Now at 13 months I’m starting to try to wean Maddie Grace. My husband, who as I mentioned is a huge advocate of breastfeeding, has actually encouraged me to go until 2 years which some health bodies recommend. However, eventually I’d like to have another baby and would love a few months of not breastfeeding or being pregnant to feel like my body belongs to me. Weaning is going great for us however. Maddie Grace hates cow milk, although we just started toddler formula which she seems to like better.
It makes me sad to think that our breastfeeding journey is coming to an end but I ‘m so thankful to have made it this far with Maddie Grace. I never could have imagined what an amazing bonding experience breastfeeding would be, and how much I would enjoy it!
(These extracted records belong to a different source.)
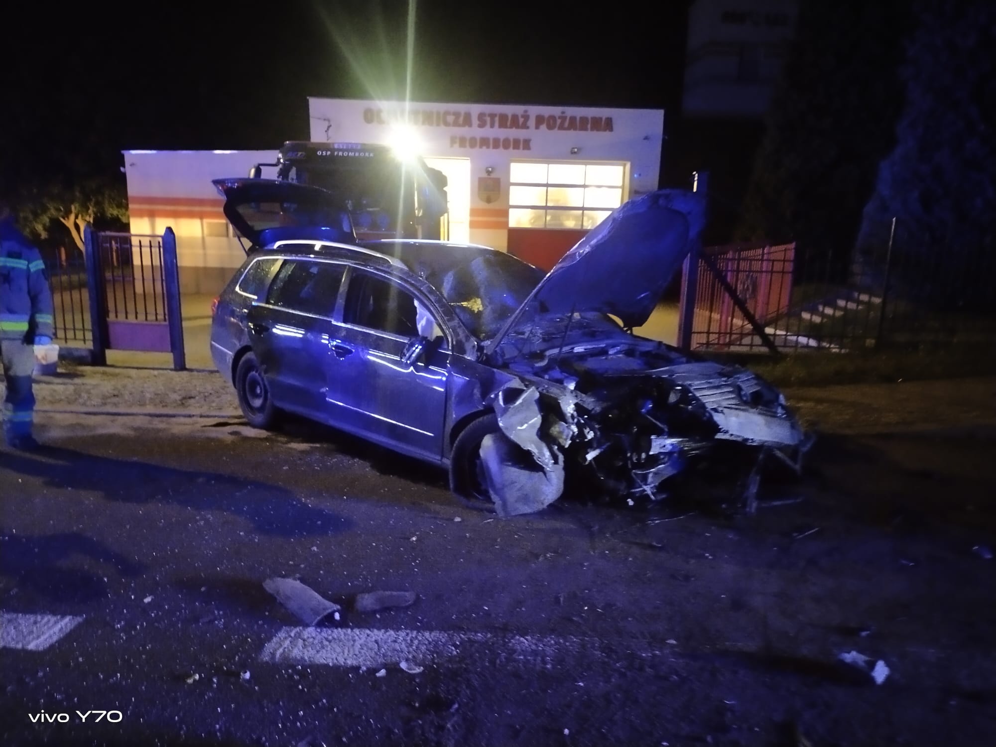 Do zdarzenia doszło we Fromborku przy ulicy Braniewskiej (droga wojewódzka nr 504). Kierujący volkswagenem stracił panowanie nad pojazdem, uderzył w znaki drogowe i zatrzymał się w pobliżu ogrodzenia Ochotniczej Straży Pożarnej we Fromborku. Autem podróżowała jedna osoba.
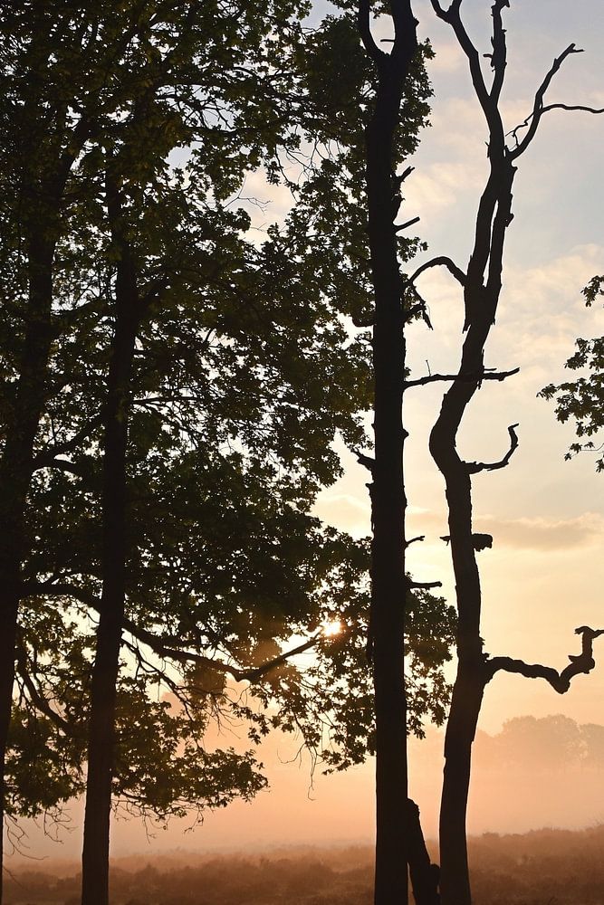 Het mooiste uit deze foto voor mij is de zon die net achter de wolken doorkomt, en de mist die je nog ziet hangen net boven de heide, helemaal in dezelfde kleur als die zon.
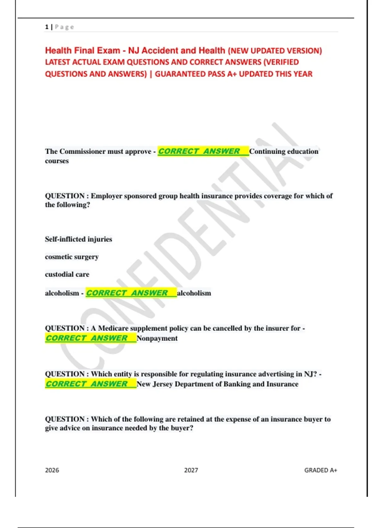 Health Final Exam - NJ Accident and Health (NEW UPDATED VERSION)
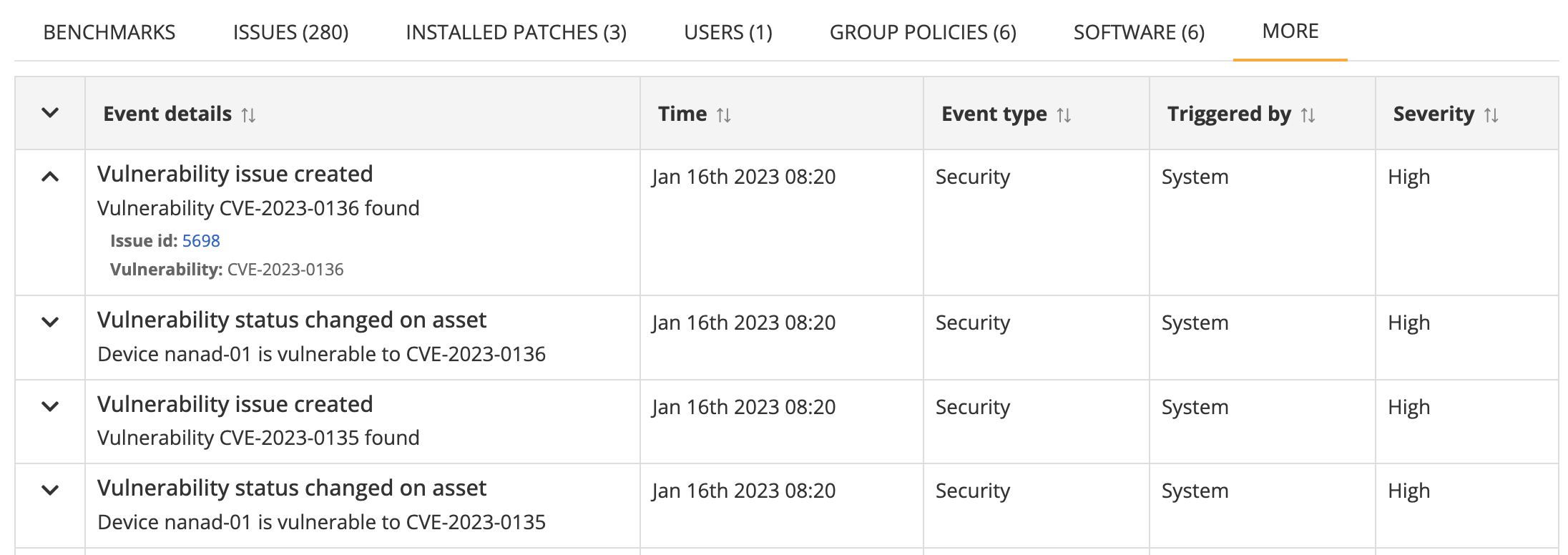 Note that additional information is available by expanding the event with the down arrow on the left.
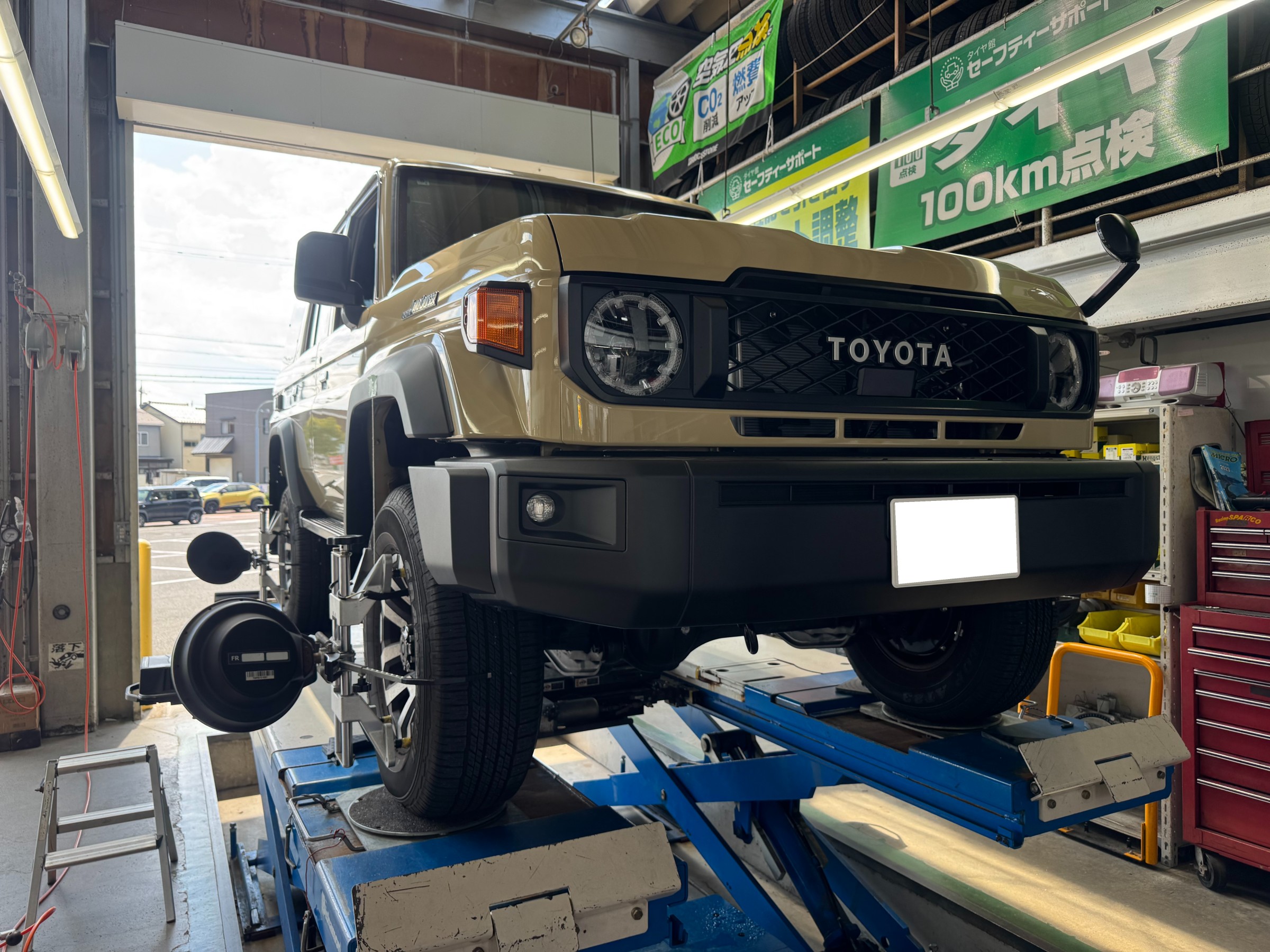 本日の作業は70ランクルのアライメント調整です!
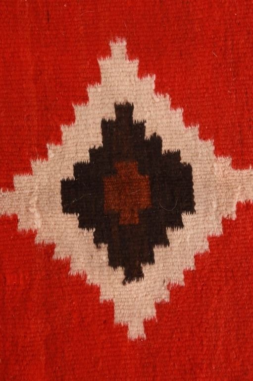 Featured in this lot is this Navajo second phase chief's blanket circa 1950's. The rug features a wonderfully and professionally crafted wool construction that shows a stepped decoration of medallions that show a coloration of red, brown, black and off white. The condition of this rug is fair with some wear to the rug but otherwise in fair to good overall condition. The measurements of this rug are 60" x 48".
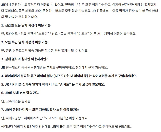 JR전국패스는 JR 신칸센(단, ‘노조미호’, ‘미즈호호’는 제외)・특별급행열차, 보통급행열차, 보통열차 및 BRT(버스 고속수송시스템), 그리고 미야지마~미야지마구치 구간을 운행하는 JR서일본 미야지마 페리, JR홋카이도 버스, JR버스 도호쿠, JR버스 간토, JR도카이 버스, 서일본 JR버스, 주고쿠 JR버스, JR시코쿠 버스, JR규슈 버스 및 도쿄 모노레일을 이용하실 수 있습니다. (JR 버스회사 각사의 고속버스 노선과 일부 버스 노선 구간에서는 승차하실 수 없습니다.)
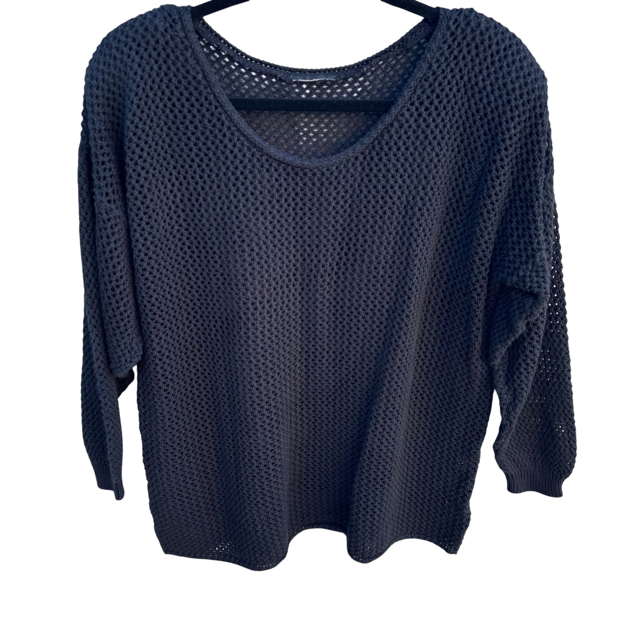Vintage 80s Oversized Womens Black Goth Alternative Knit Sweater Top Fishnet L
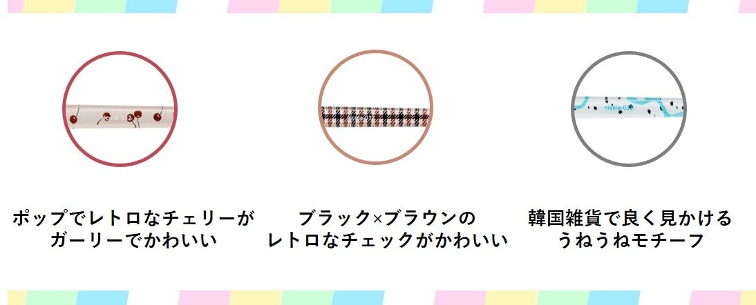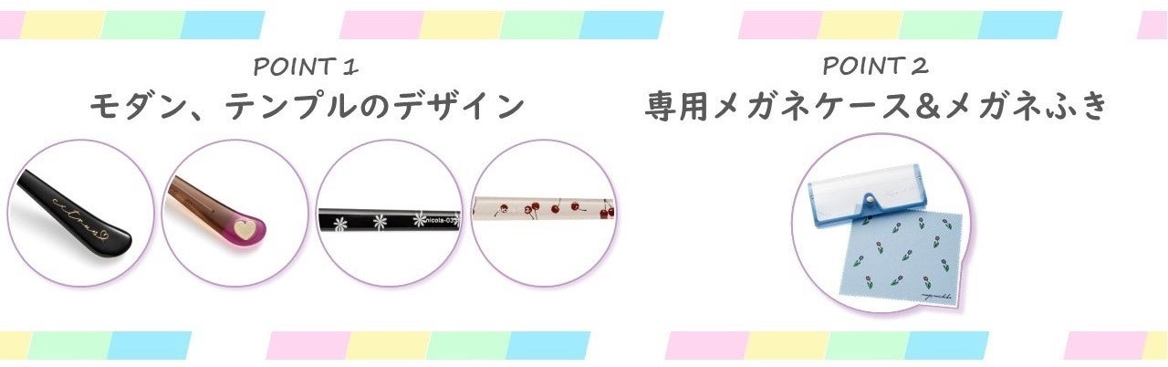 コラボ第8弾となる今回もニコラ専属モデルのニコ㋲と打合せを重ね、制服に似合うよう外側はシンプルなデザインにし、フレームの内側などには韓国インテリアで人気の手書き風イラストや英字、ポップなイラスト等SNSのトレンドを取り入れオトナっぽくてかわいいメガネに仕上げました。また、可愛い形や色合いが韓国インテリアのアクセントになることでSNSを中心に人気が高まっているチューリップをメガネふきのデザインに取り入れるなど、細部までニコ㋲のこだわりが詰まった新作です。
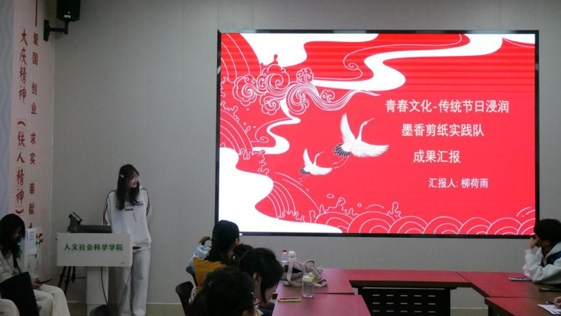 在成果分享环节,各团队聚焦不同领域,用青春汗水书写了多彩的实践篇章:“知途”管道守护宣传队走进中学开展宣讲,系统普及管道安全知识,团队在协作中提升了组织与沟通能力,更深刻体悟到守护公共安全设施的青春使命;“墨香剪纸”美育实践队深入社区,联动居民写春联、剪窗花,并为独居老人送去节日装饰与温馨陪伴,他们将社会工作“以人为本”的专业理念融入服务,在代际互动中助力社区文化传承;“岁华新声”文化调研队奔赴乡村,通过深度访谈与实地走访,深入挖掘东北特色民俗,对比研究城乡节日文化传承差异,坚定了以青春力量守护文化根脉的决心。“童守安·管道侠”志愿服务队跨越多省,开展了十余场针对青少年的管道保护宣传活动,团队创新采用游戏化教学与实操演练,有效提升了近四百名青少年的安全意识,活动获得多级推广;基层服务实践个人杨梓渝同学在“返家乡”实践中,于家乡镇政府党建办承担档案整理、选举服务等工作,以专业知识赋能基层治理,在服务中深化认知、锤炼本领;美育实践团则在分享中深情阐述:“美育是一场双向奔赴。”他们以知识传递与环境改造为载体,践行美育理念,深刻体会到美育不仅是技能传授,更是人文关怀的温暖传递;“星沃繁星”北大荒精神寻访团以溯源北大荒精神为主题,走访垦区、访谈三代“北大荒人”,记录珍贵口述历。他们从垦区变迁中感悟精神内核,立志成为这份伟大精神的记录者、传播者与践行者。

The extra cuddles, the closeness I felt to my daughter and knowing that my daughter was getting the best nutrition for her was invaluable. The extra calories burnt and money saved were bonuses as well! My biggest advice to moms hoping for a successful breastfeeding relationship is to educate yourself as much as possible. Take a class, join a facebook support group (I’ll add you to the one I love if you ask), attend local La Leche League meetings, whatever you can to be as educated as possible on breastfeeding. Being a mom is the hardest and most amazing thing that has ever happened to me – I look forward to hopefully nursing several more babies in the future and encouraging other moms to give breastfeeding a chance!